Using the data that follows, output only the lines from the line with "This design stages" up to and including the line with "в белом платье", exactly, leaving pictures aside.

### [Available data]
====

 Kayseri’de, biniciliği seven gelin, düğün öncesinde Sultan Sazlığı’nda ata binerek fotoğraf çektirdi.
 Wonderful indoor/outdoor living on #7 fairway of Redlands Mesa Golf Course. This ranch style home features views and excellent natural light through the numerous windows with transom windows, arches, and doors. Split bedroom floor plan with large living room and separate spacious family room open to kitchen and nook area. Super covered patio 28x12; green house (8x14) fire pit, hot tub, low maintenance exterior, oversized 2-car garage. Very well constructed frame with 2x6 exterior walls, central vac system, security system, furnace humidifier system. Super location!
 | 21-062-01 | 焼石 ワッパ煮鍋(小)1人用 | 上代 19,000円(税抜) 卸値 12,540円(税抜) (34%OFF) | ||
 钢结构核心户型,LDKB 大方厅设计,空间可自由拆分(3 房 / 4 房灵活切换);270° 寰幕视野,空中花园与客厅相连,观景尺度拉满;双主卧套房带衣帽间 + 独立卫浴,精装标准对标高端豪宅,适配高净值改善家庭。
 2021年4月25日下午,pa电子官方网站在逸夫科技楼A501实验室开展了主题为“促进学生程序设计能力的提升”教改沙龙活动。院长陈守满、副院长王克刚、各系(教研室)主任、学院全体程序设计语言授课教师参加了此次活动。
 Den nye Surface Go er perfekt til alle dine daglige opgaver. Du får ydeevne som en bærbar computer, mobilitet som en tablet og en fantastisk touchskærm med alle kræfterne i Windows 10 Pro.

====

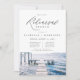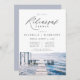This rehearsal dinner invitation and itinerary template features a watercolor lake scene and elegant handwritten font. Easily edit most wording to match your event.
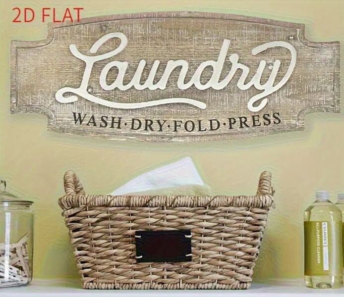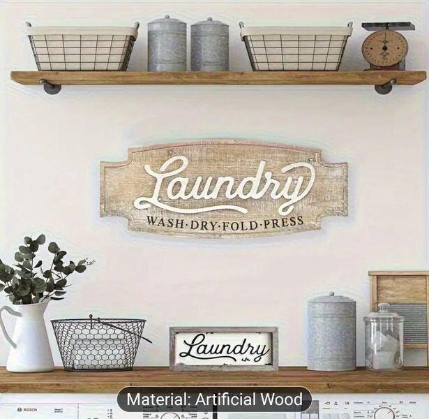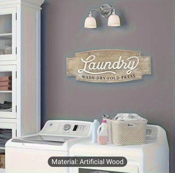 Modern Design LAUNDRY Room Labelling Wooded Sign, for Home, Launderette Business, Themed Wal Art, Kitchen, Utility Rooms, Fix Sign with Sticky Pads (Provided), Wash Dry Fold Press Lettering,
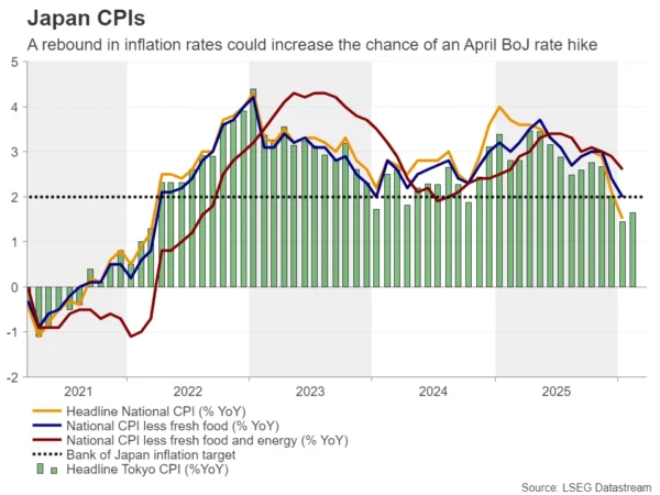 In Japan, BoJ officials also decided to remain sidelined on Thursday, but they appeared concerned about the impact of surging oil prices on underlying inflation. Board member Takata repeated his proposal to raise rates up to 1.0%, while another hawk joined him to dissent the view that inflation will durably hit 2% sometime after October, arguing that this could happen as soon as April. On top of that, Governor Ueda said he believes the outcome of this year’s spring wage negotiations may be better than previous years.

====

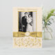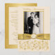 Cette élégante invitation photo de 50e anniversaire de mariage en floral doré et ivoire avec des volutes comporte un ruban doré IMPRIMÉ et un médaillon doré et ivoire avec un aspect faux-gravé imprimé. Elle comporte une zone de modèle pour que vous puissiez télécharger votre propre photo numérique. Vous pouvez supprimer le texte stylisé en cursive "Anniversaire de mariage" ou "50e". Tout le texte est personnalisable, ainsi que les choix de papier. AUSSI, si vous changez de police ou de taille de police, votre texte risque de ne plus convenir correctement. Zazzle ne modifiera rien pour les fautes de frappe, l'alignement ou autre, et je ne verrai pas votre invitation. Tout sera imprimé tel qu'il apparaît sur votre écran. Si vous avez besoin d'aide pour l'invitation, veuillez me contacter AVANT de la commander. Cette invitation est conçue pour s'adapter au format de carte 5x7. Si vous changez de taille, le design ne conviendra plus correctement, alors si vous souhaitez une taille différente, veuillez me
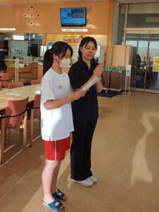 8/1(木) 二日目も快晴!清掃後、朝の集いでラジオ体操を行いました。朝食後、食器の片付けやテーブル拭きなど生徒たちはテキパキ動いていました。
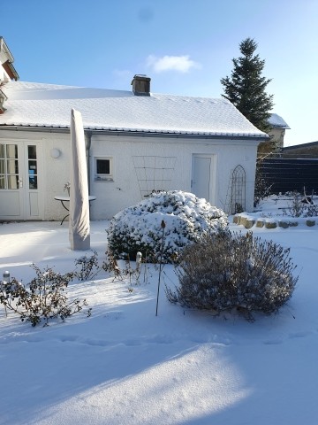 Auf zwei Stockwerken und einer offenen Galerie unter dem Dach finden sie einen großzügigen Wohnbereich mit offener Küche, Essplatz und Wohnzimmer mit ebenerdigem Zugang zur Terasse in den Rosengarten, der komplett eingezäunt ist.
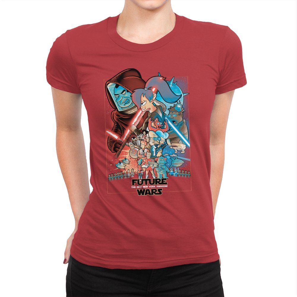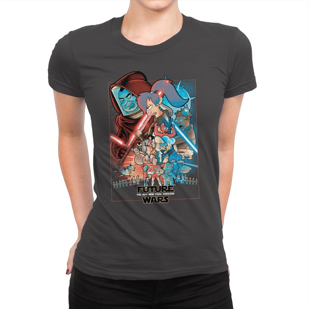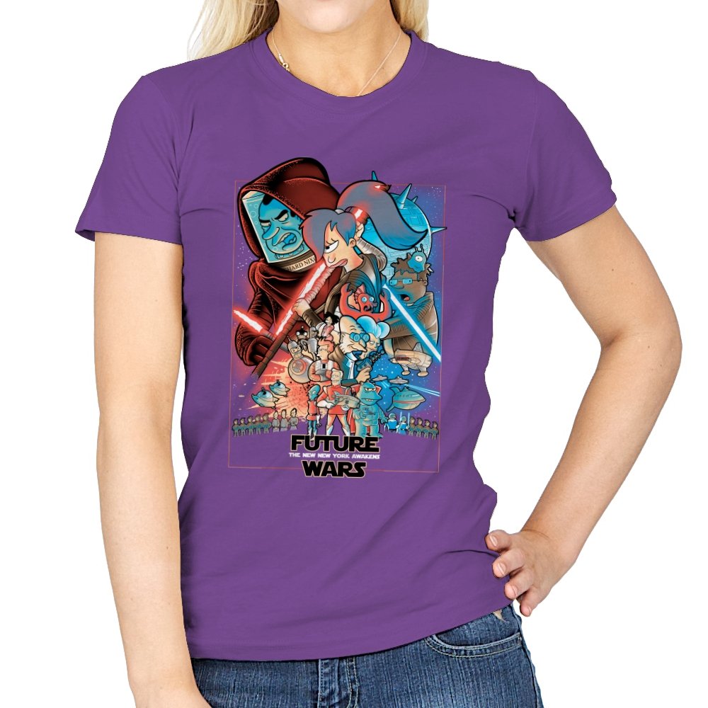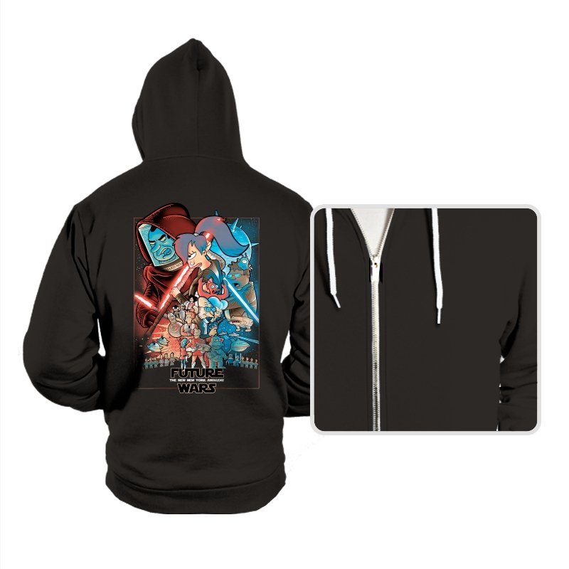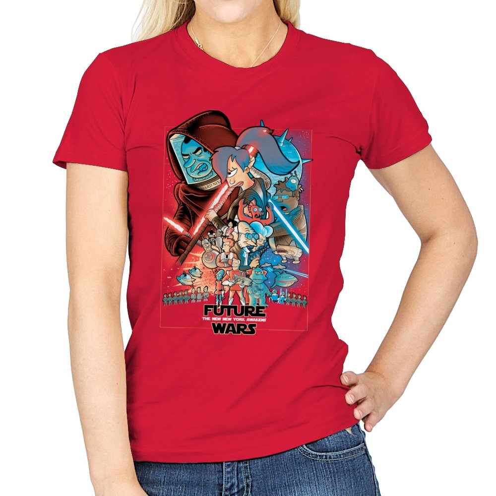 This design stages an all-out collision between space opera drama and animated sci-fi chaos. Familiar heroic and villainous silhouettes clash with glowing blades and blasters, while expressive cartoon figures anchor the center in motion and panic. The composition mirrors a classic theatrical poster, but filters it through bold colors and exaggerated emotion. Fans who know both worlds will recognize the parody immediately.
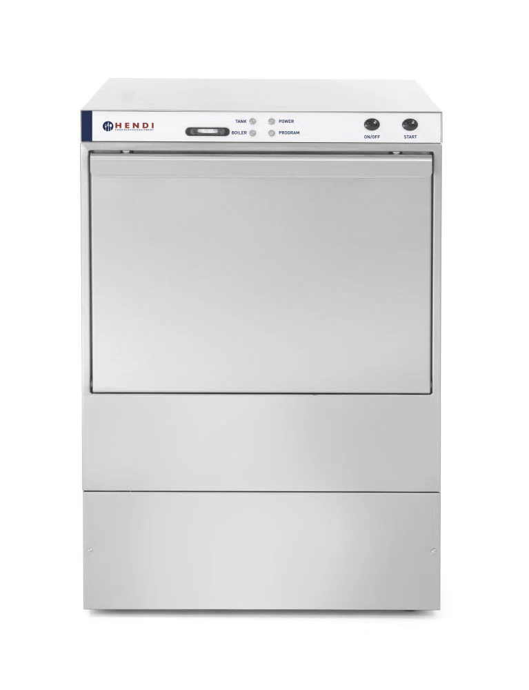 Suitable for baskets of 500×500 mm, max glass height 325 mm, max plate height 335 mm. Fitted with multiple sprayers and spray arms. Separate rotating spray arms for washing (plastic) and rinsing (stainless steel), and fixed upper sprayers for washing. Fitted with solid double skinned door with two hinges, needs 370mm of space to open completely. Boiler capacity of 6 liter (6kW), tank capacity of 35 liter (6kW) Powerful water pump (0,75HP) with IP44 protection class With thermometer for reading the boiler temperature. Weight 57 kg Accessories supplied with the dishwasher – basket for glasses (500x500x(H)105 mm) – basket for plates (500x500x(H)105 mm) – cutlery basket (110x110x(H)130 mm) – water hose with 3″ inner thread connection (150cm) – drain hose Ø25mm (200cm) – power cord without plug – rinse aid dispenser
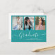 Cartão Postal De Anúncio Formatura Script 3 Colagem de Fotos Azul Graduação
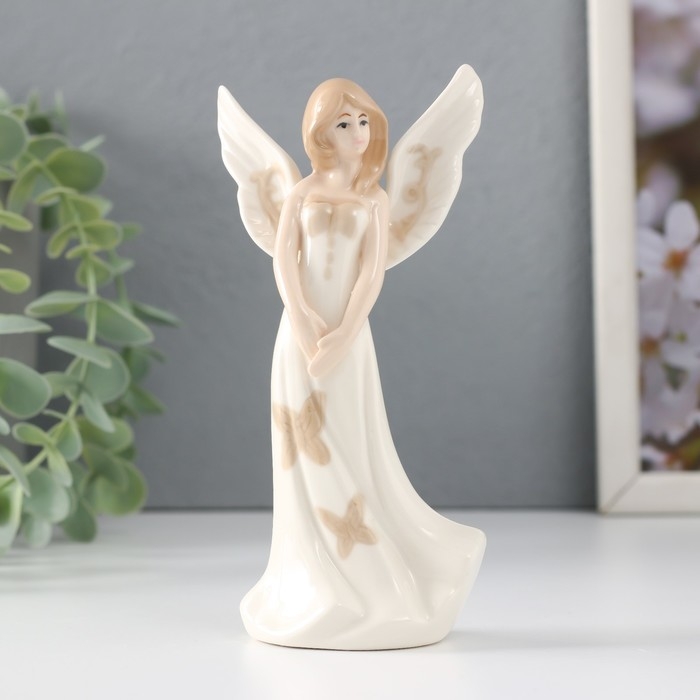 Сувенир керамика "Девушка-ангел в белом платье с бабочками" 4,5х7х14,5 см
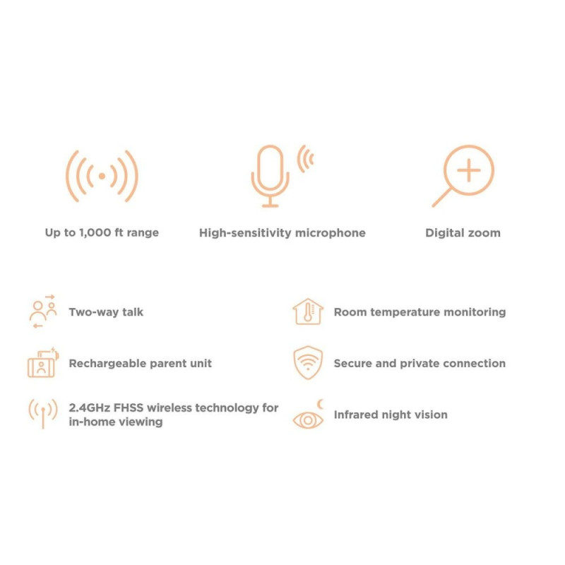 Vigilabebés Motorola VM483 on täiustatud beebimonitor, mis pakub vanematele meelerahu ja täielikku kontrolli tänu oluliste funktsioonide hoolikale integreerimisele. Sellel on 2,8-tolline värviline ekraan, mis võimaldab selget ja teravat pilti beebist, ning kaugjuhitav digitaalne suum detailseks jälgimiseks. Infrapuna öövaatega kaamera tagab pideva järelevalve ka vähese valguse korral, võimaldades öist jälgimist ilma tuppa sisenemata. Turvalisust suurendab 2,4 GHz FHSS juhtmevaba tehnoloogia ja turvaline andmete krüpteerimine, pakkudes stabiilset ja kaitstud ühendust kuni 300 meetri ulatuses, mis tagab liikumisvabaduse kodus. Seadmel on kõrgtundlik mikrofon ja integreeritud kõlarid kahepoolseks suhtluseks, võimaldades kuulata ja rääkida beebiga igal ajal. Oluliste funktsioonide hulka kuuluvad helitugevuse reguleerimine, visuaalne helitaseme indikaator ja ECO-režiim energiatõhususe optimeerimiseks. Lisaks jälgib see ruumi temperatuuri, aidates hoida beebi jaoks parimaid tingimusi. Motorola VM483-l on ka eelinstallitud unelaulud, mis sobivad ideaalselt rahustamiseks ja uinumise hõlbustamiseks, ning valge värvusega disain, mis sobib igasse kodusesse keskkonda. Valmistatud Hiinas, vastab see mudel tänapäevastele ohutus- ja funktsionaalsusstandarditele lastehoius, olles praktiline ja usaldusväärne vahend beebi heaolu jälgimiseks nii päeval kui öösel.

====

### [Answer box]
 This design stages an all-out collision between space opera drama and animated sci-fi chaos. Familiar heroic and villainous silhouettes clash with glowing blades and blasters, while expressive cartoon figures anchor the center in motion and panic. The composition mirrors a classic theatrical poster, but filters it through bold colors and exaggerated emotion. Fans who know both worlds will recognize the parody immediately.
 Suitable for baskets of 500×500 mm, max glass height 325 mm, max plate height 335 mm. Fitted with multiple sprayers and spray arms. Separate rotating spray arms for washing (plastic) and rinsing (stainless steel), and fixed upper sprayers for washing. Fitted with solid double skinned door with two hinges, needs 370mm of space to open completely. Boiler capacity of 6 liter (6kW), tank capacity of 35 liter (6kW) Powerful water pump (0,75HP) with IP44 protection class With thermometer for reading the boiler temperature. Weight 57 kg Accessories supplied with the dishwasher – basket for glasses (500x500x(H)105 mm) – basket for plates (500x500x(H)105 mm) – cutlery basket (110x110x(H)130 mm) – water hose with 3″ inner thread connection (150cm) – drain hose Ø25mm (200cm) – power cord without plug – rinse aid dispenser
 Cartão Postal De Anúncio Formatura Script 3 Colagem de Fotos Azul Graduação
 Сувенир керамика "Девушка-ангел в белом платье с бабочками" 4,5х7х14,5 см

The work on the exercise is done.